The following analysis were made using the merged dataset.
Finding out the top 10 factors that caused collision in NYC by using factors like Contibuting Factor and Number of Persons killed.
- Reading the raw data from the CSV file.
- Taking the total count of the persons killed by grouping the factors responsible for collision.
- Removing unwanted column where factors are not specified.
- Inserting the data into the dataframe with the factors and the corresponding number of people that were killed by the collision.
- Saving the data from the dataframe to a CSV file.
- Plotting a graph to display the factors for the same.
- Saving the plotted graph as a PNG file.

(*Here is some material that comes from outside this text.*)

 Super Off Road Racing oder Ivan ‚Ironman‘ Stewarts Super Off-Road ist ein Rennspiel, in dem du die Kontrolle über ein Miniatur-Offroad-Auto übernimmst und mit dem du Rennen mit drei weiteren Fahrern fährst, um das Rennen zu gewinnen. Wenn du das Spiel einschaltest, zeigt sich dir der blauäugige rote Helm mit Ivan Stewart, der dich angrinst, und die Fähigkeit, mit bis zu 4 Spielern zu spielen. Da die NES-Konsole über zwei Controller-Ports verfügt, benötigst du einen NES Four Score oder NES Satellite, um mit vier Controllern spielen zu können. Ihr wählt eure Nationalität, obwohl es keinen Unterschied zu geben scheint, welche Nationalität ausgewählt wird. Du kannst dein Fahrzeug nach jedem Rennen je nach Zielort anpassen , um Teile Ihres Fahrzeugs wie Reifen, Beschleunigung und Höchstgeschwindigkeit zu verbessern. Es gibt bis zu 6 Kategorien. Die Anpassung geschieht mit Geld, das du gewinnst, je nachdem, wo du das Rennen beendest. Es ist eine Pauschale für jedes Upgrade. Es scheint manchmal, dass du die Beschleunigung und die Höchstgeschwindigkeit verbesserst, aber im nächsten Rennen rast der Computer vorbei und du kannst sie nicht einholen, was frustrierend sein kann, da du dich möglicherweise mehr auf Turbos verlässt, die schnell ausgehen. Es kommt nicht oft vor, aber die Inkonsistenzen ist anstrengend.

Vehicle type involved in collision and number of people killed at each borough of NYC from 2015-2017
Finding out the top vehicle types that caused collision in each borough of NYC by using factors like Borough, Vehicle Type and Number of Persons killed.
- Reading the raw data from the CSV file.

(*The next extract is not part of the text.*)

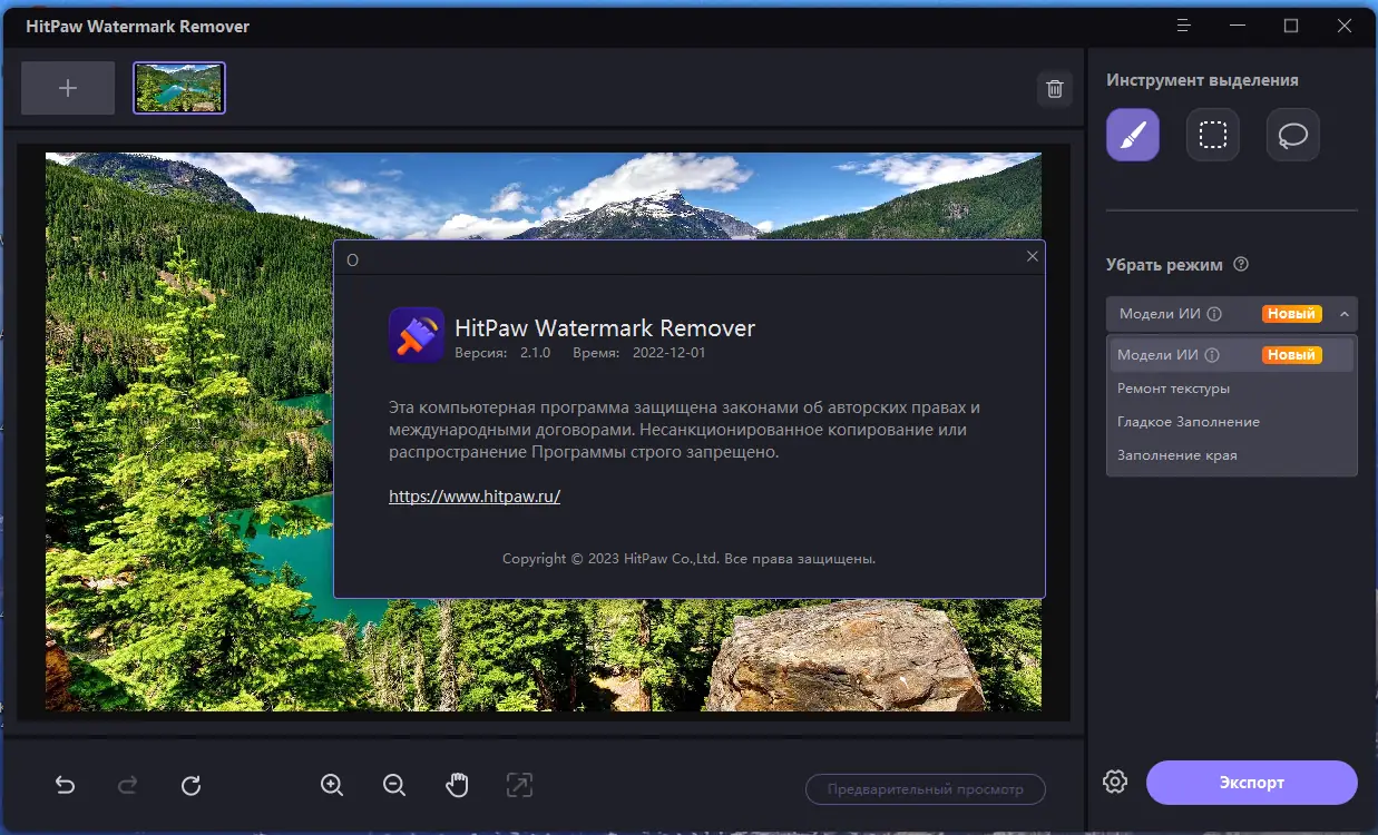 Работа с HitPaw Watermark Remover

- Taking the total count of the persons killed by grouping the vehicle type and borough involved in collision.
- Selecting the date range for the collisions.
- Inserting the data into the dataframe with the borough, vehicle type and the corresponding number of people that were killed by the collision.

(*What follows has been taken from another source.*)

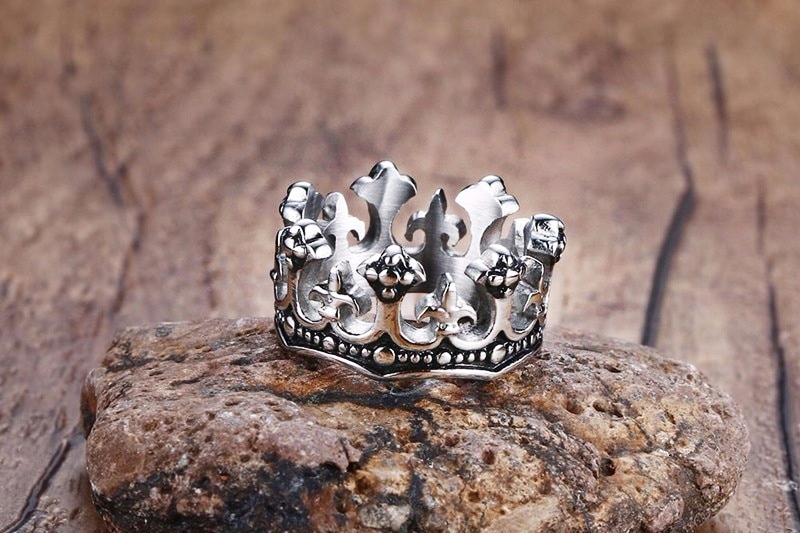 SYGNET PIERŚCIEŃ STAL KORONA KRÓL KING SREBRNY

- Saving the data from the dataframe to a CSV file.
- Plotting a graph to display the vehicle type and number of people killed in each borough for the same.
- Saving the plotted graph as a PNG file.
Finding out the highest snowfall and rainfall in inches which caused maximum number of injuries from collision to the people of NYC
- Reading the raw data from the CSV file.
- Selecting the date range from the raw data to do analysis.
- Converting the date column to datetime format.
- Merging the data together and calculating the mean date from collision data as it includes multiple entries for a single day.
- Grouping by snowfall and the total persons injured calculated by adding all the injuries.
- Saving the data from the dataframe to a CSV file.
- Plotting a graph to display the snowfall in inches and the number of injuries for the same.
- Saving the plotted graph as a PNG file.
- Following the same steps as above for rainfall analysis.